Surgical site infections (SSIs) are a leading cause of postoperative morbidity, contributing to significant healthcare resource utilisation and economic burden. This study evaluates the impact of smartphone-based remote monitoring of surgical wounds on reducing healthcare visits for cardiothoracic patients with SSIs within the National Health Service (NHS).

Methods

A retrospective, multi-site service evaluation was conducted at Guy's and St Thomas' NHS Foundation Trust (GSTT), encompassing three specialised cardiac hospitals in London. Adult patients having cardiothoracic surgery were monitored for SSI using the Isla digital platform. SSI rates and associated NHS visits were analysed and compared against national cardiothoracic data.

Results

1,248 patients enrolled onto the Isla wound monitoring platform over a six-month period, showed an SSI rate of 6.7% and an overall response rate to Isla of 88%. 77 patients with an SSI at GSTT used 295 NHS visits, significantly fewer healthcare resources across nearly all visit types compared to national cardiothoracic SSI patients, including general practitioner (GP), nurse, outpatient and Accident and Emergency attendances (P< 0.05). The only exception was readmissions for SSIs that developed after hospital discharge, where there was no significant difference between GSTT and national patients (P = 0.9197). The median wound healing time for patients with digital monitoring was 19 days (range 2–156 days), while the national data reports a mean time to heal of 91.7 days ±67.5.

Conclusion

Smartphone-based remote wound monitoring significantly reduced healthcare visits while maintaining effective SSI management, aligning with NHS objectives to enhance resource efficiency and patient convenience.

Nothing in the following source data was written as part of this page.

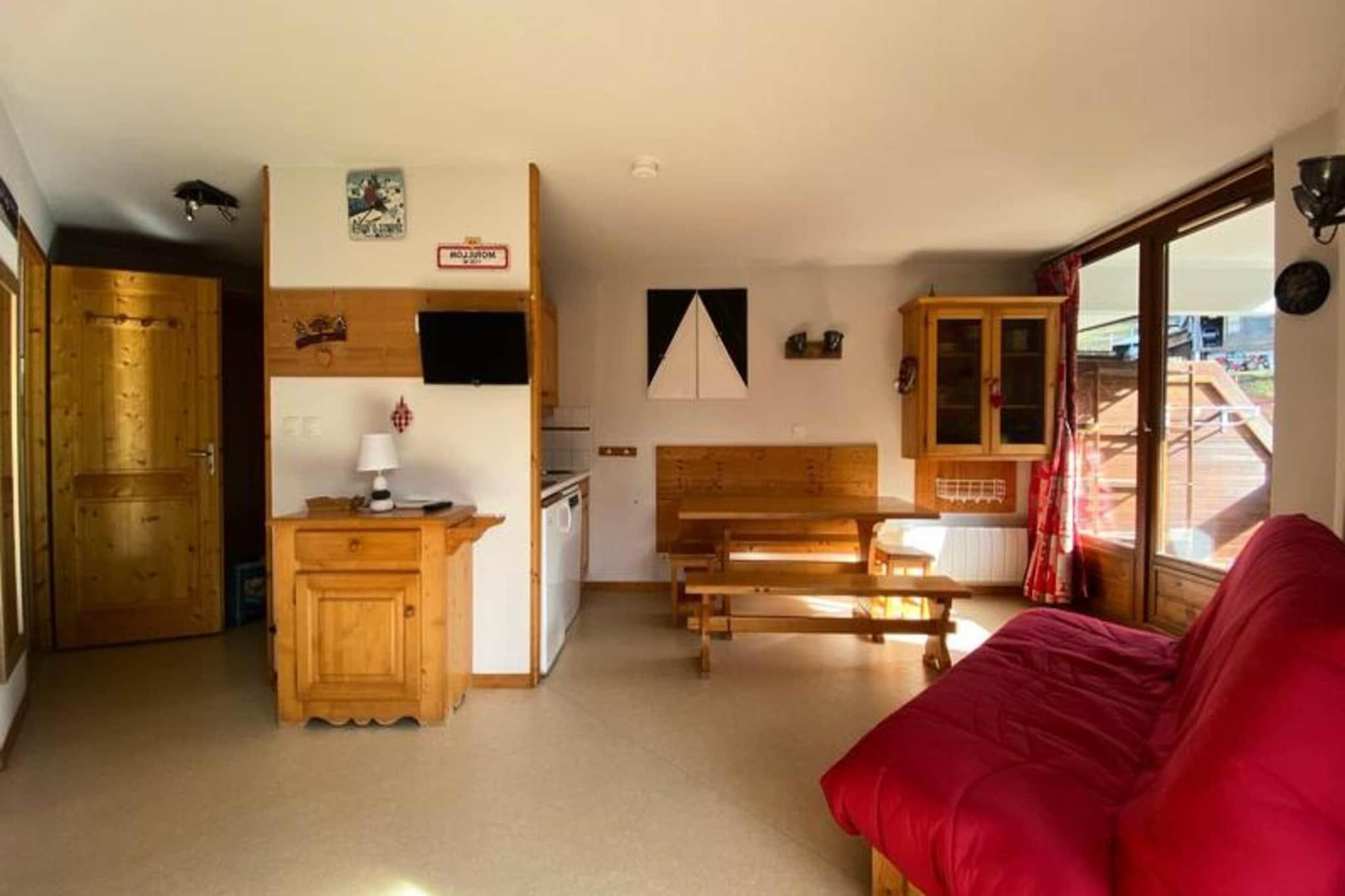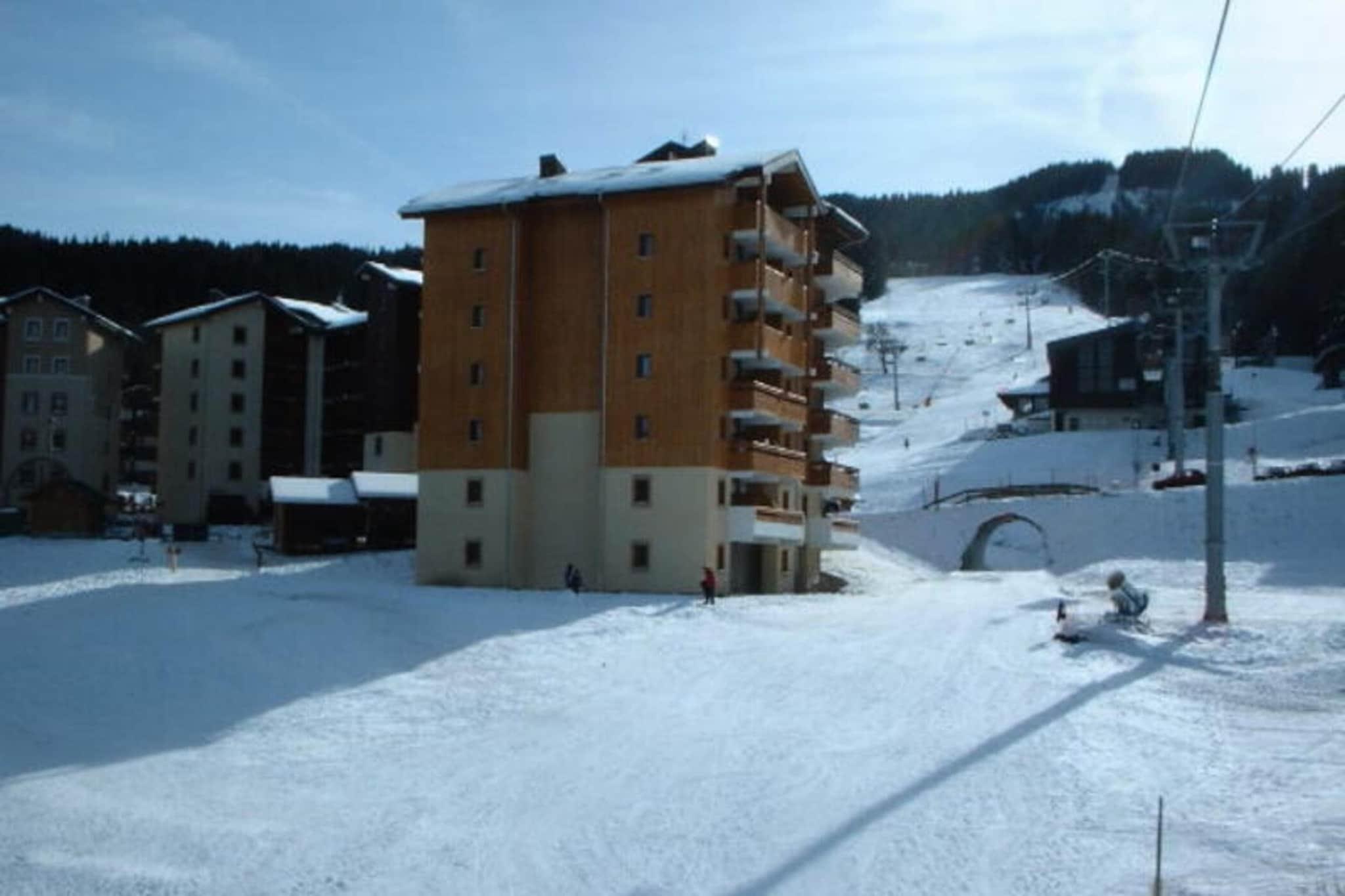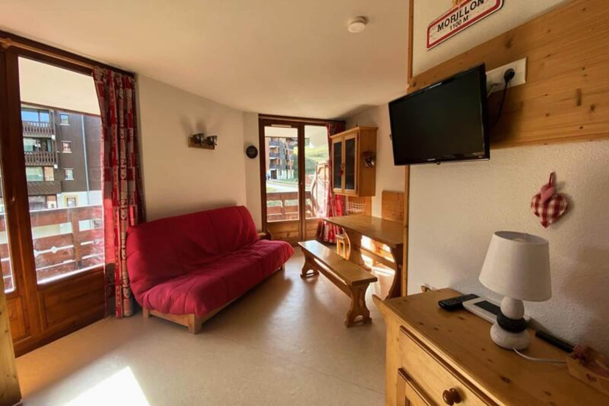 Beliggende ved foden af ??skiløjperne i Morillon 1100, er denne rummelige 34 m² store lejlighed det perfekte tilflugtssted for op til 6 gæster. Ejendommen er beliggende på anden sal i en bolig med elevator, hvilket giver nem adgang. Indenfor finder du et veldesignet layout med et bjerghjørne med en dobbelt køjeseng, et hyggeligt soveværelse med en dobbeltseng, en stue med en sovesofa og et tv. Lejligheden er ikke-ryger og tillader ikke kæledyr, hvilket sikrer et fredeligt ophold. Et depositum på EURO 300 kræves ved reservation. Lejligheden er ideelt beliggende nær skiløjperne, med begynderområdet og børnehaven kun få skridt væk, perfekt til familier. Det giver nem adgang til udendørs aktiviteter og en fantastisk udsigt over bjergene. Efter skiløb kan gæsterne slappe af på lokale caféer eller udforske nærliggende butikker og markeder For ekstra bekvemmelighed er lejligheden fuldt udstyret med alt hvad du behøver for et behageligt ophold. Køkkenet indeholder et TOP-køleskab, en 3-brænder keramisk kogeplade, en opvaskemaskine, en mikroovn og en Tassimo elektrisk kaffemaskine. Der er også et separat brusebad og toilet for ekstra komfort. Den østvendte altan med havemøbler er det perfekte sted at slappe af og nyde udsigten. Yderligere faciliteter inkluderer et skiskab til dit udstyr, en støvsuger og en tørretumbler. Bemærk venligst, at lejligheden ikke har internetadgang.
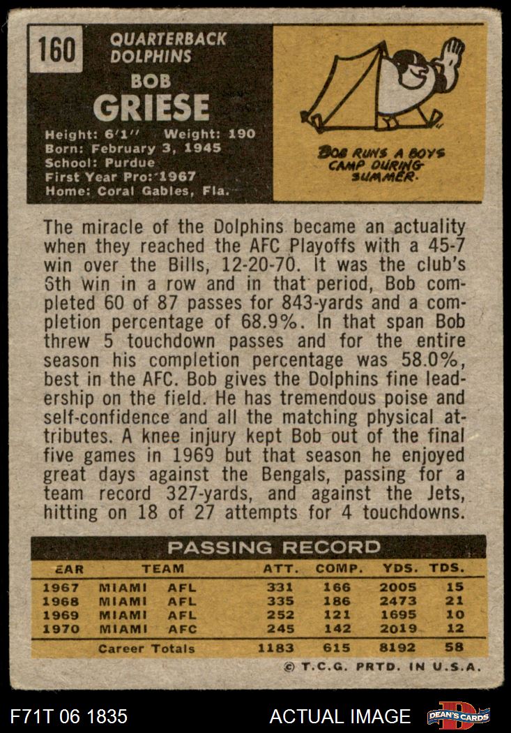 1971 Topps Football Cards (4,198 available)1971 Topps Dolphins (151 available)
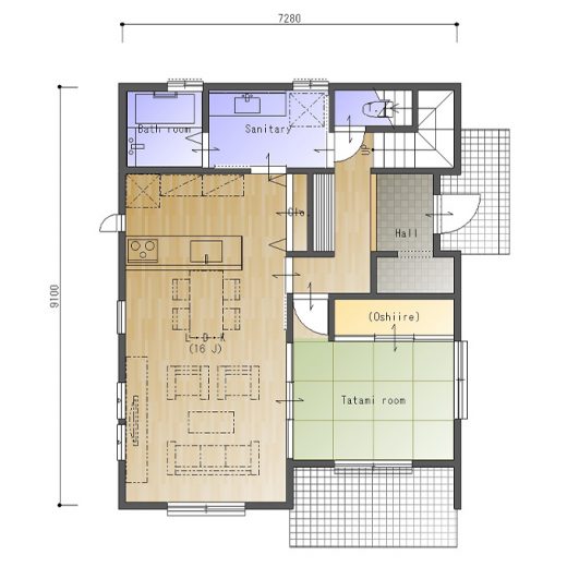 【間取り・注文住宅プラン】LDKの隣に書斎がある3LDKの間取り
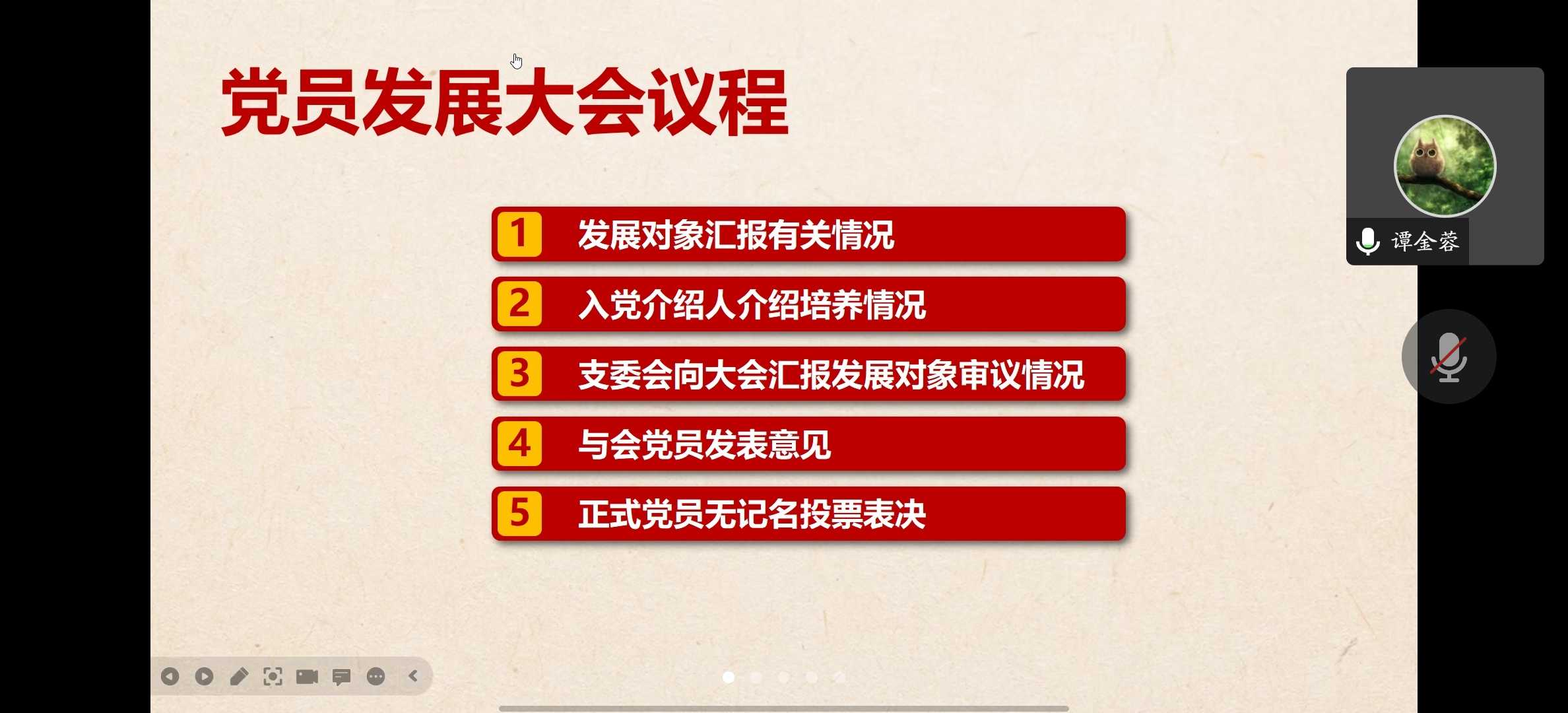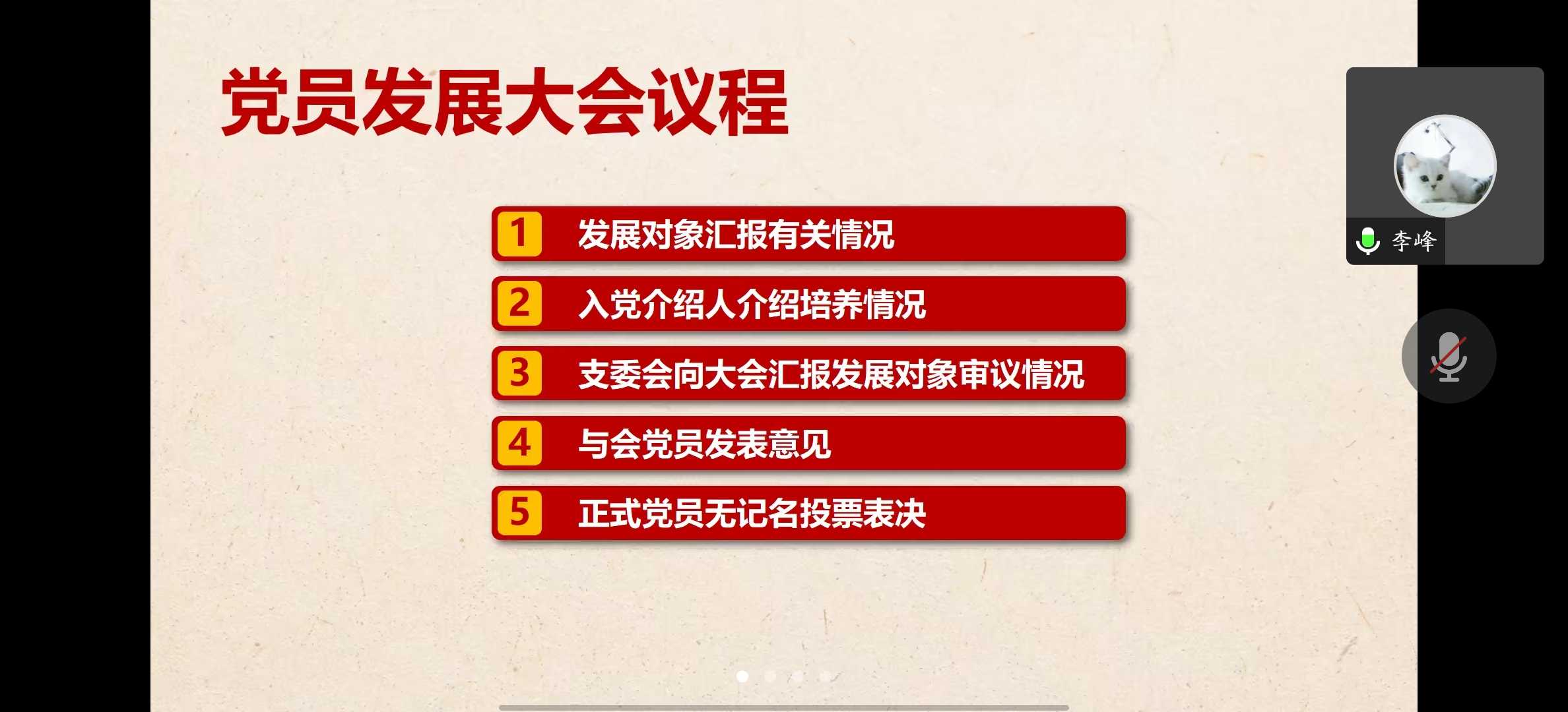 2023年3月29日晚上19:00,地理信息与地图科学系研究生第六党支部通过线上讨论的方式召开接收预备党员支部大会。本次会议由党支部书记周宇氚同志主持。支部党员、发展对象和入党积极分子参与此次会议。

These findings underscore the potential of remote monitoring in postoperative care and warrant further studies to assess its broader applicability.
背景:手术部位感染(ssi)是术后发病率的主要原因,造成了巨大的医疗资源利用和经济负担。本研究评估了基于智能手机的手术伤口远程监测对减少国家卫生服务(NHS)心胸外科ssi患者就诊的影响。方法回顾性、多站点服务评估在盖伊和圣托马斯NHS基金会信托(GSTT)进行,包括伦敦的三家专业心脏医院。使用Isla数字平台监测接受心胸外科手术的成年患者的SSI。分析了SSI发生率和相关的NHS就诊情况,并与全国心胸数据进行了比较。结果1248例患者在6个月的时间内进入Isla伤口监测平台,SSI率为6.7%,Isla的总有效率为88%。GSTT的77例SSI患者使用了295次NHS就诊,与全国心胸SSI患者相比,几乎所有就诊类型的医疗保健资源都明显减少,包括全科医生(GP)、护士、门诊和急症护理(P< 0.05)。唯一的例外是出院后发生的ssi再入院,GSTT与本国患者之间无显著差异(P = 0.9197)。数字监测患者的中位伤口愈合时间为19天(范围2-156天),而国家数据报告的平均愈合时间为91.7天±67.5天。结论基于智能手机的伤口远程监测可显著减少就医次数,同时保持有效的伤口损伤管理,符合NHS的目标,提高资源效率和患者便利性。这些发现强调了远程监测在术后护理中的潜力,值得进一步研究以评估其更广泛的适用性。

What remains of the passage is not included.